- Directed by: Michael Garcia
- Written by: Trace Slobotkin
- Produced by: Jonny Danks
- Starring: Eric Nelsen; Eric Roberts; Mackenzie Ziegler; Ella Cannon; Jonny Danks; Moses Jones; Kelly Thiebaud;
- Cinematography: Matthew Boyd
- Music by: Bernie Garcia
- Production companies: Gravitas Ventures; Dank Productions;
- Release date: May 23, 2025;
- Running time: 82 minutes
- Country: United States
- Language: English

= Shakey Grounds =

Shakey Grounds is a 2025 drama film directed by Michael Garcia and written by Trace Slobotkin. It stars Eric Nelsen as a gifted yet troubled musician who grapples with his past and fractured relationships. Jonny Danks Eric Roberts, Mackenzie Ziegler, Moses Jones, and Kelly Thiebaud also star.

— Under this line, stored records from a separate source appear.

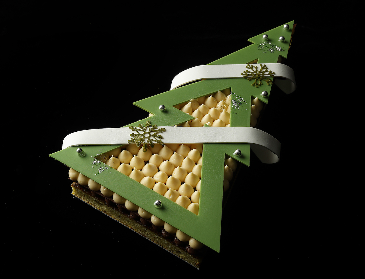 グリーンとイエローの色合いが鮮やかなクリスマスツリー型。ピスタチオをベースにした生地に、柑橘フルーツのカラマンシークリーム、さらに柚子風味のショコラを使用。酸味が利いた爽やかな味わいが、やみつきになること必至。
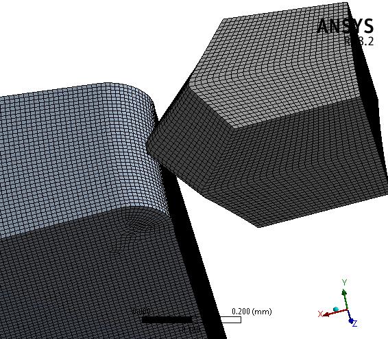 I am trying to do analysis from the first post,  the analysis must be with solid elements, the analysis is inserting of the pin into the hole. I type to do with more accurately, with less penetration between two parts or the smallest value with is possible. The diameter of pin  is 0,1 mm the bigger then the diameter of hole. I need to do with solid elements not with shell.
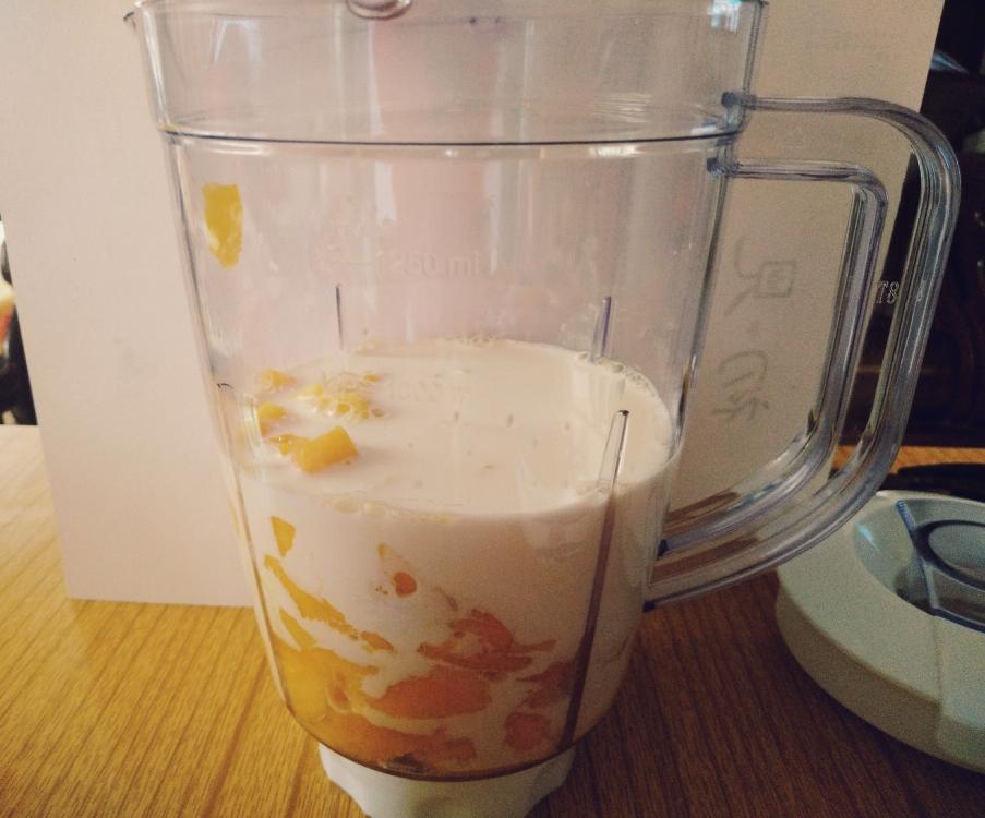倒入冷藏好的芒果牛奶🥛
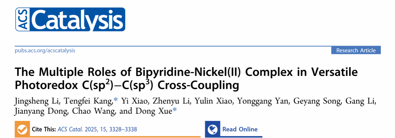 网址The Multiple Roles of Bipyridine-Nickel(II) Complex in Versatile Photoredox C(sp2)–C(sp3) Cross-Coupling | ACS Catalysis
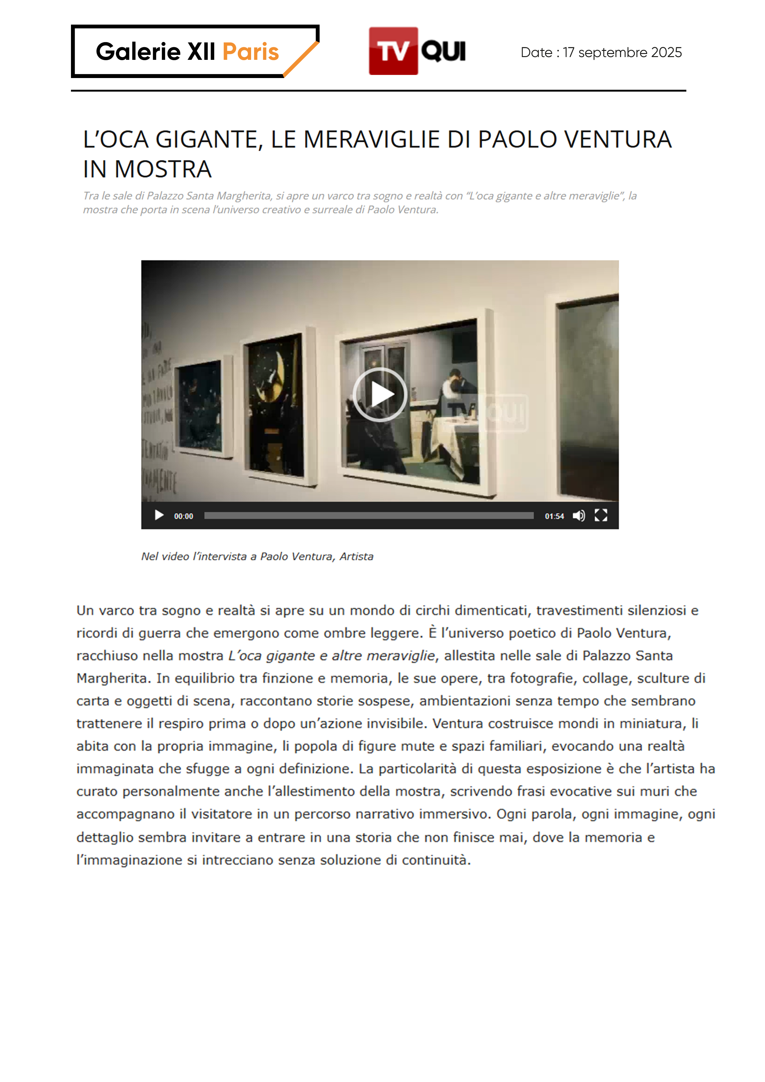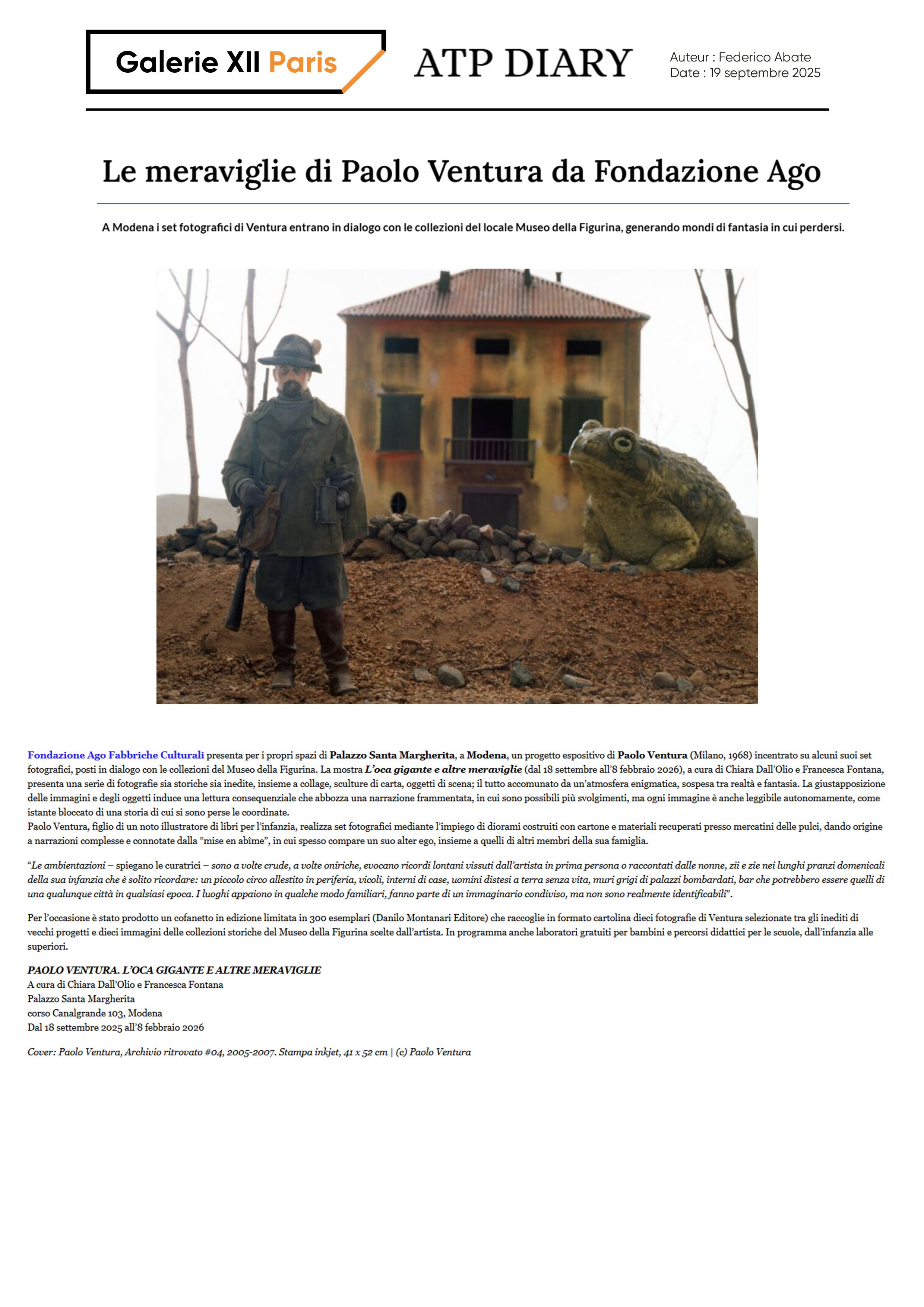 Paolo Ventura is a multidisciplinary artist who uses different techniques (photography, collages, painting, sculpture, drawing, scenography) to tell visual stories. The son of an illustrator, his childhood was rocked by the sketches and stories of his father. This wonder and this childhood passion always permeate his work of narrative staging where we regularly find images of street artists, theatres and cinemas, which are not without evoking certain compositions of Toulouse-Lautrec’s paintings. After studying painting in Milan, Ventura devoted himself to photography and moved to New York where he collaborated with fashion magazines, bringing from that time a very personal look in this formatted media. At the same time, he began working on personal projects that led to a first commission from the Washington War Museum. War Souvenir marks the launch of Paolo Ventura’s artistic career with exhibitions in major capitals, from Moscow to Milan, from Paris to New York. Since then, he has benefited from thirty solo exhibitions in institutions and galleries, and participated in as many group exhibitions. In 2020, on the occasion of an important retrospective at the Centro Italiano per la Fotografia in Turin, Silvana published a catalogue raisonné of his work. .
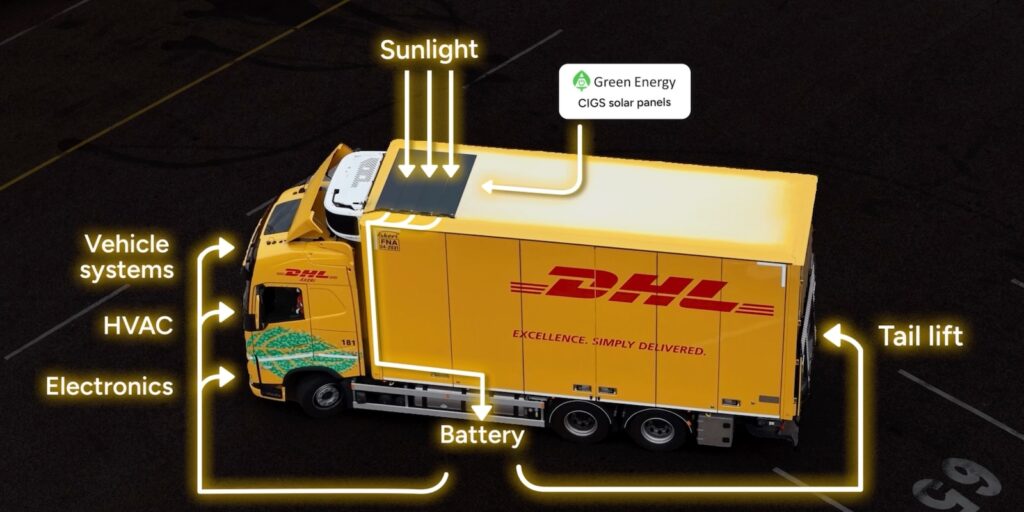 I pilotprojektet samarbetar DHL Freight med danska Green Energy Group, som levererar tunna, flexibla CIGS-paneler (koppar-indium-gallium-selenid) för fordonsintegrerad solenergi. Panelerna driver fordonens baklyft, kylanläggning och annan hjälpelektronik, vilket minskar belastningen på generatorn och därmed bränsleåtgången.
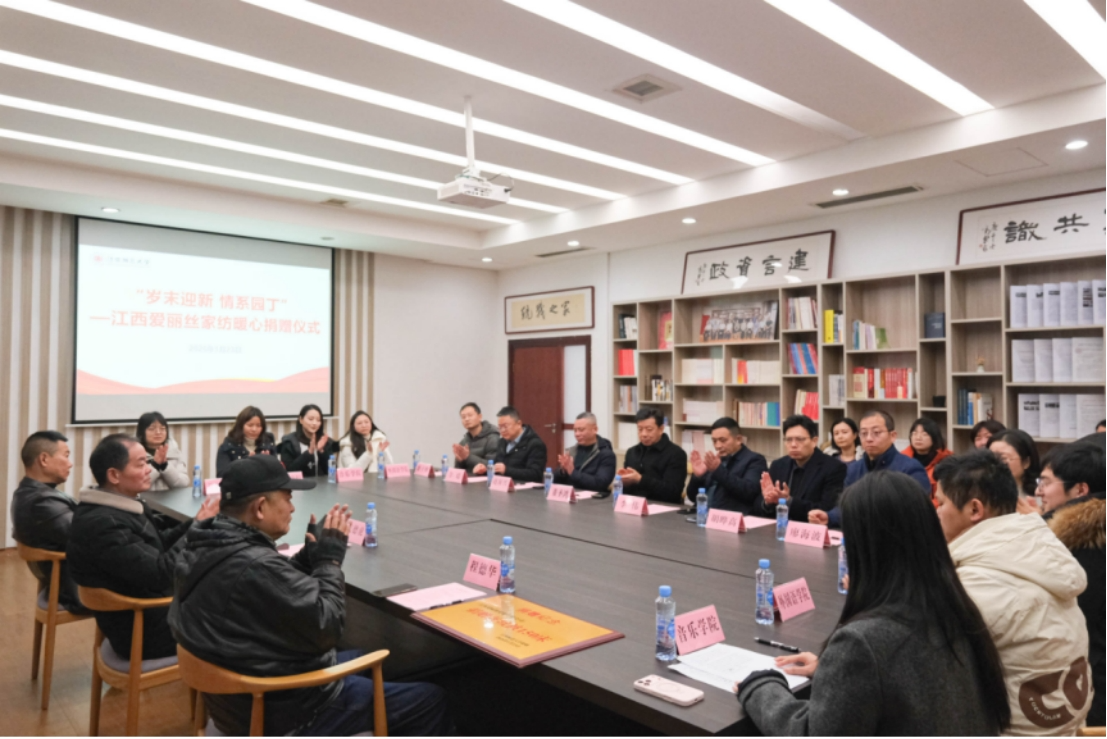 1月23日,“岁末迎新 情系园丁”江西爱丽丝家纺暖心捐赠仪式在我校先骕楼四楼统战之家举行。江西爱丽丝家纺有限公司总经理杭德虎、副总经理罗国念、销售经理程德华,校党委常委、副校长董圣鸿及相关部门负责人、辅导员代表参与活动。
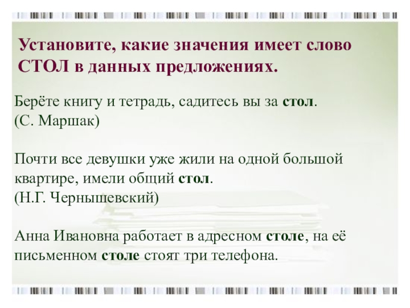 Установите, какие значения имеет слово СТОЛ в данных предложениях.
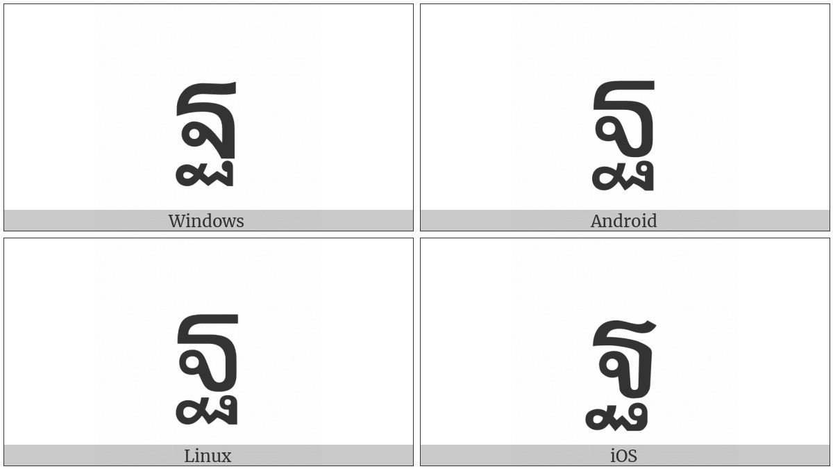 The image below shows how the “Thai Character Tho Than” symbol might look like on different operating systems. If the font in which this web site is displayed does not contain the symbol and there is no fallback font able to render it, you can use the image below to get an idea of what it should look like.
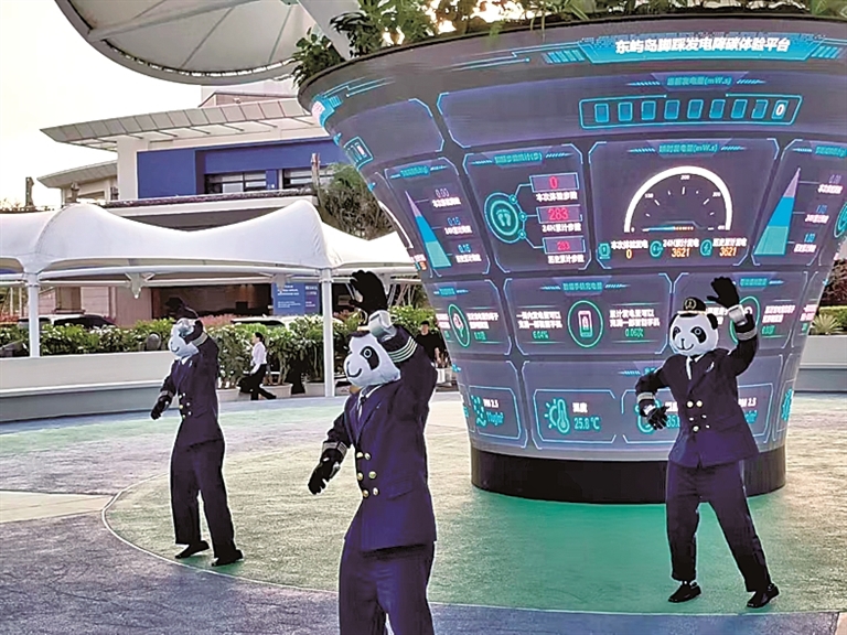 在博鳌亚洲论坛期间,“熊猫船长”机器人进行群舞表演。王妤心泓摄/光明图片
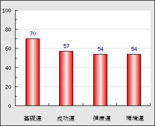 環境運 家庭や職場等での援助運・環境運を司ります。これが良いと配偶者や子供・職場の同僚などから助力が得られやすく、悪いと波乱・不和・孤独などがあります。 54点
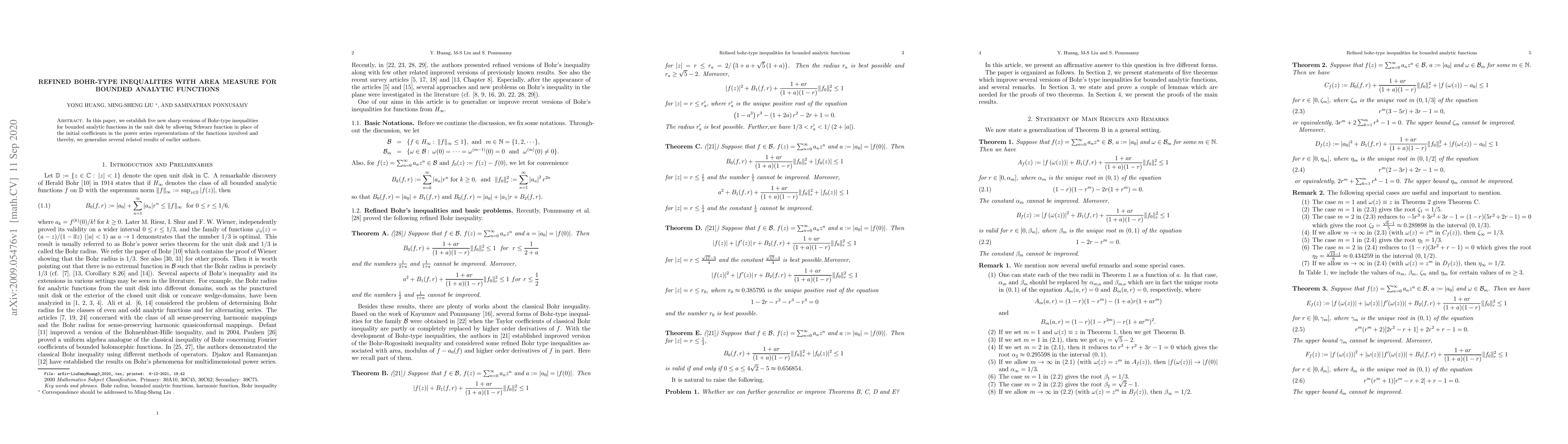 Researchers established five new sharp versions of Bohr-type inequalities for bounded analytic functions in the unit disk using a broader range of coefficients, generalizing earlier results.
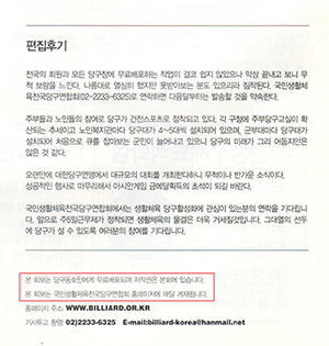 전국당구연합회의 유급 사무직원인 방 씨는 협회지인 <월간 스포츠당구>에 대해 “연합회가 어려울 때 임영렬 전 회장과 본인이 연합회에서 하던 사업이다. 그러므로 협회지가 아닌 본인 개인의 잡지다”라며 소유권을 주장하면서 잡지를 발행하고 있고, 발행된 잡지에는 방 씨가 제기한 의혹에 대해 진상조사를 지시한 박 회장의 도덕적 의혹을 제기하며 퇴진을 요구하고 있다.
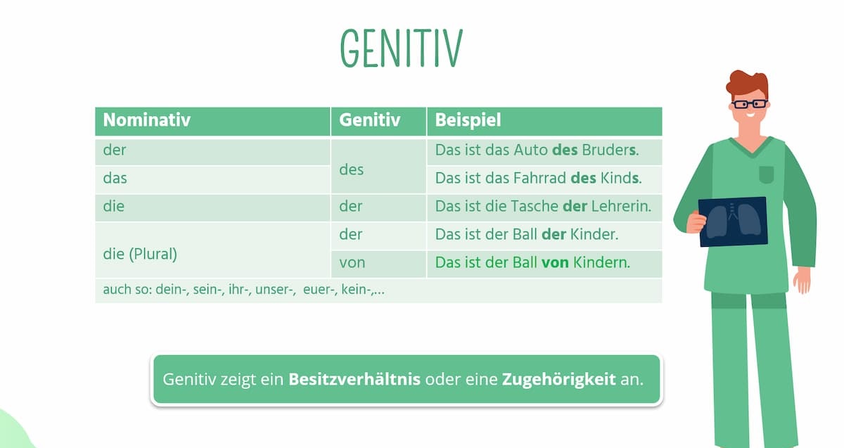 Bevor wir uns die konkreten Verben anschauen, rufen wir uns kurz die Bedeutung des Genitivs ins Gedächtnis. Der Genitiv ist der zweite Fall in der deutschen Grammatik. Die Frage, mit der man nach ihm sucht, lautet wessen. Er drückt meistens Zugehörigkeit, Besitz oder eine Herkunft aus.
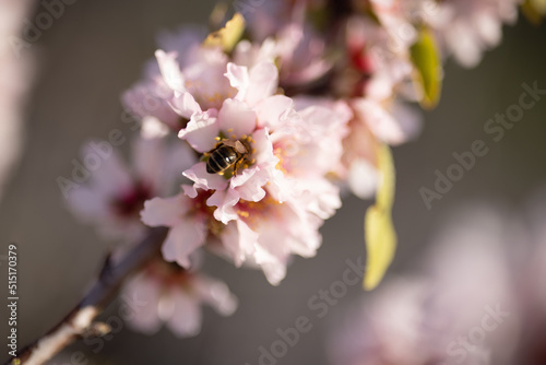© Sergio Capture, Fototapeta premium Almendro en flor con abeja 3
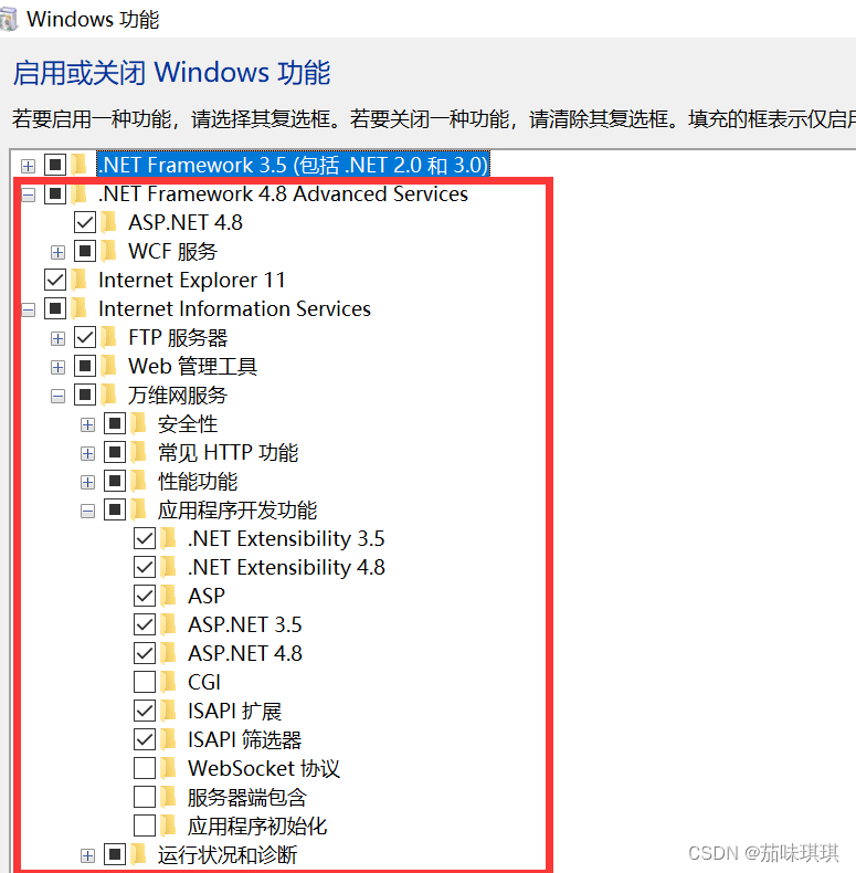 找到控制面板——程序——啟用或關(guān)閉Windows功能,把對(duì)應(yīng)的都勾上
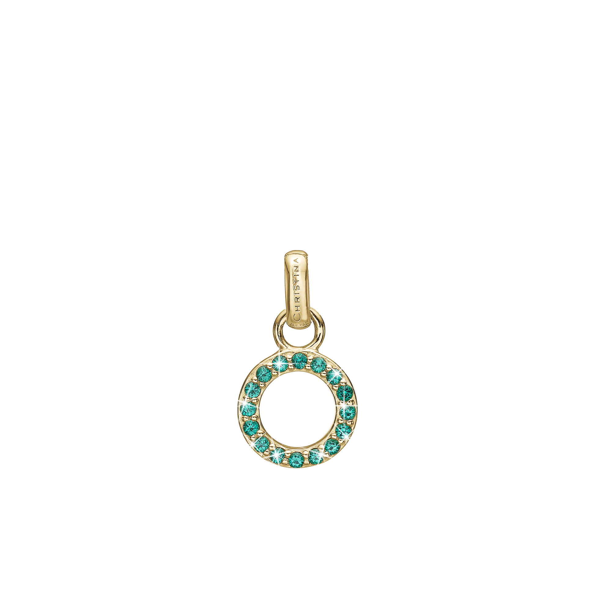 Green CZ circle Earring Pendant - Gold Plated Sterling Silver with 16 Greenne Cubic Zirkonia

It was released on May 23, 2025.

==Premise==
Aspiring musician Travis (Nelsen) copes with the death of his best friend and finds purpose when a disgraced record label executive Nick (Danks) unexpectedly visits his hometown.

==Cast==
- Eric Nelsen as Travis Dent
- Eric Roberts as Lou Bernstein
- Mackenzie Ziegler as Lisa
- Ella Cannon as Mel Butler
- Jonny Danks as Nick
- Moses Jones as Jimmy
- Kelly Thiebaud as Carrie
- Matthew Gumley as Darby
- David Lautman as Brad

==Production==
Shakey Grounds was filmed in Rogers, Bentonville, Fayetteville, and Prairie Grove Arkansas in 2023.